To be fair, it seemed reasonable to assume that my future child would want me to be picky. And there were multiple factors to juggle. If I found a donor who seemed to share my sensibilities, there would be other problems, like his family’s health history wasn’t a good match with mine (breast cancer under age sixty, kidney disease). Or I’d find a donor with a pristine health history but who was a six-foot-four Danish guy with Nordic features, a look that would stick out—and might make my child feel self-conscious—in my family of short, brown-haired Ashkenazi Jews. Other donors seemed to have good health, intelligence, and similar physical features, but something else would raise a red flag, like the donor who wrote that his favorite color was black, his favorite book Lolita, and his favorite movie A Clockwork Orange. I tried to imagine my child reading this profile one day and looking at me like, “And you chose this one?” I had the same reaction if the donor couldn’t spell or use punctuation correctly.

This process continued for three exhausting months, during which I began to lose hope that I’d find a healthy donor I’d be proud to tell my child about.

And then—finally!—I found him.

 

I came home late one evening to a message on my voicemail from Kathleen. She told me to check out a donor she described as looking like “a young George Clooney.” She added that she especially liked this donor because he was always friendly and in a great mood when he arrived at the bank to donate. I rolled my eyes. After all, if you’re a guy in his twenties who’s about to go watch porn and have an orgasm—and you’re getting paid for that—what’s not to be in a great mood about? But Kathleen gushed about this guy—he had good health, good looks, strong intelligence, and a winning personality.

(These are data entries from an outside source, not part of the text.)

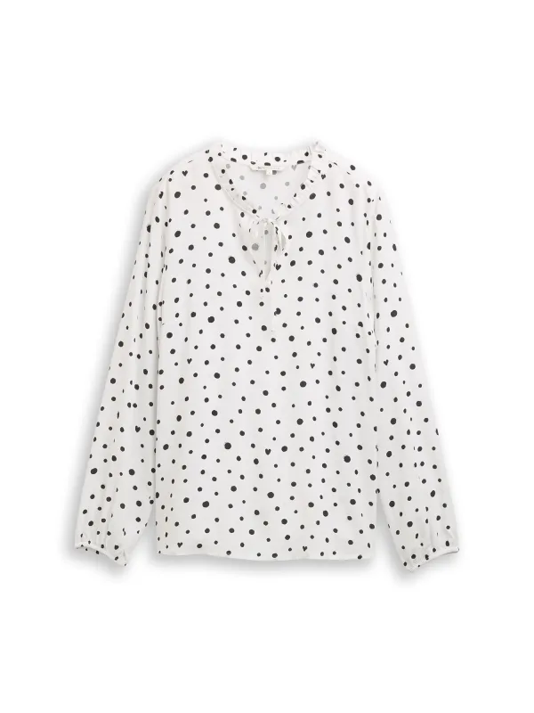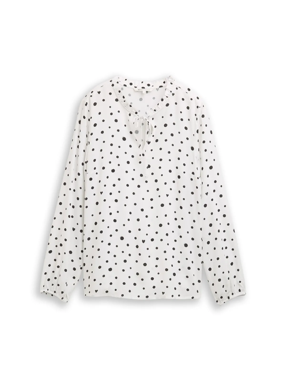 Damesblouse met lange mouwen van Tom Tailor Denim;Look: effen;Pasvorm: Regular fit ;Kraagmodel: Kraag met ruches;Motief: gestippeld;Applicatie: Labelstitching;Hals: Druppelvormige cut-out;Sluiting: Houtje-touwtjesluiting;Mouwvorm: lange mouwen;Mouwboord: elastisch;Rompzoom: afgerond;Materiaal: pure viscose
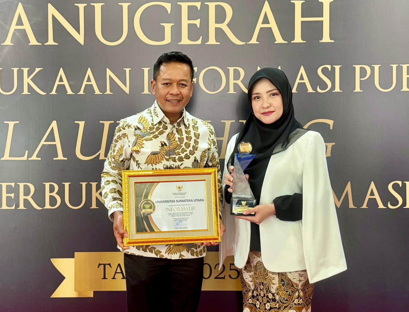Rektor USU Prof.Muryanto Amin bersama Kepala Humas USU Amalia Meutia,M.Psi,Psokolog saat menerima penghargaan Anugerah KIP 2025.(Foto : Humasusu)
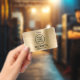 Placa de identificação metálica dourada moderna e falsa com o logotipo da sua empresa ou organização. Adicione um nome e cargo em tipografia simples.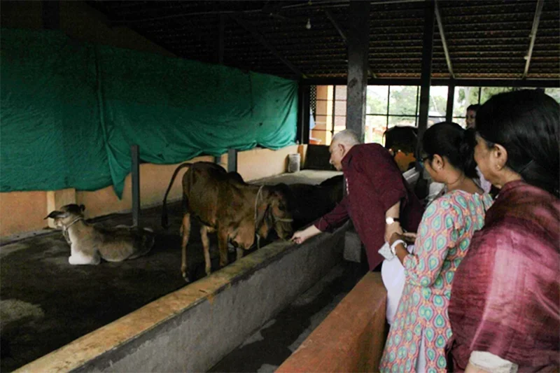 The Goshala today houses 21 cows, supporting the kitchen requirements with fresh milk and ghee, providing cow dung for natural farming, and offering seekers an opportunity to connect closely with cows and bulls during their retreat.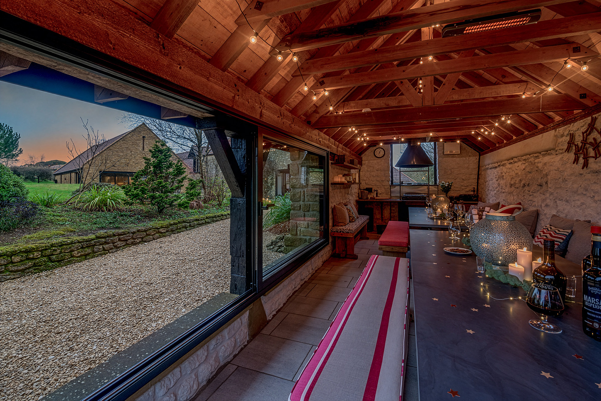 Princehay Barton: Dine alfresco beneath the twinkly lights; when it's cold close the windows, pop the heaters on -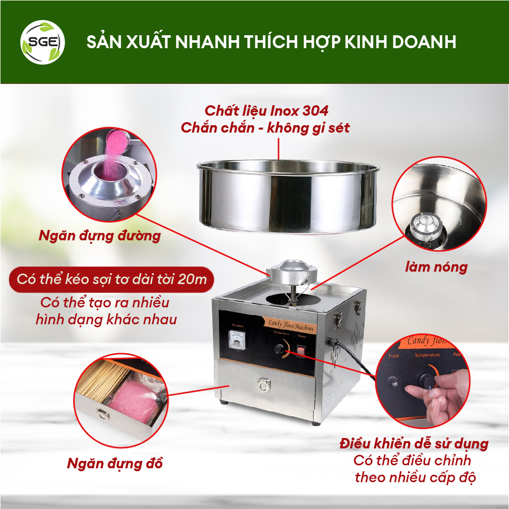 Máy kẹo bông Có thể làm kẹo bông mềm, sản xuất nhanh. Thích hợp để làm kẹo bông để bán bởi vì nó có năng lực sản xuất cao dùng nguyên liệu ít và sử dụng bền lâu. Máy cũng có thể sử dụng cho các event, sự kiện hay tổ chức hoạt động cho trẻ nhỏ do máy sử dụng được lâu dài.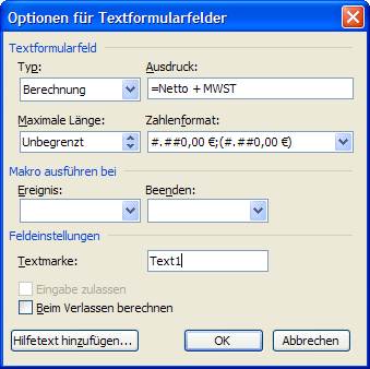 Textmarkennamen Netto und MWST vorliegen. Die Textmarken

“He’s the whole package,” she said confidently.

Kathleen had never sounded so enthusiastic, so I logged on to take a look. I clicked on his profile, pored over his health history, read his essays, listened to his audio interview, and instantly knew, in the same way that people talk about love at first sight, that I’d found The One. Everything about him—his likes and dislikes, his sense of humor, his interests and values—felt like family. Elated but exhausted, I figured I’d get some sleep and handle the details in the morning. The next day happened to be my birthday, and overnight I had vivid dreams about my baby for what felt like eight hours straight. For the first time, I pictured an actual baby coming from two specific people instead of some hazy idea of a baby with half its heritage blank.

In the morning, I jumped out of bed with a burst of excitement, the song “Child of Mine” playing in my head. Happy birthday to me! I’d been wanting a baby for the past several years, and finding a donor I felt so comfortable with seemed like the best birthday present ever. Heading to the computer, I smiled at my good fortune—I was really going to do this. I typed in the sperm bank’s URL, found the donor’s profile, and read it all over again. I was just as certain as I’d been the night before that he was The One—the one that would make sense to my child when he or she asked why, of all the possible donors, I chose this guy.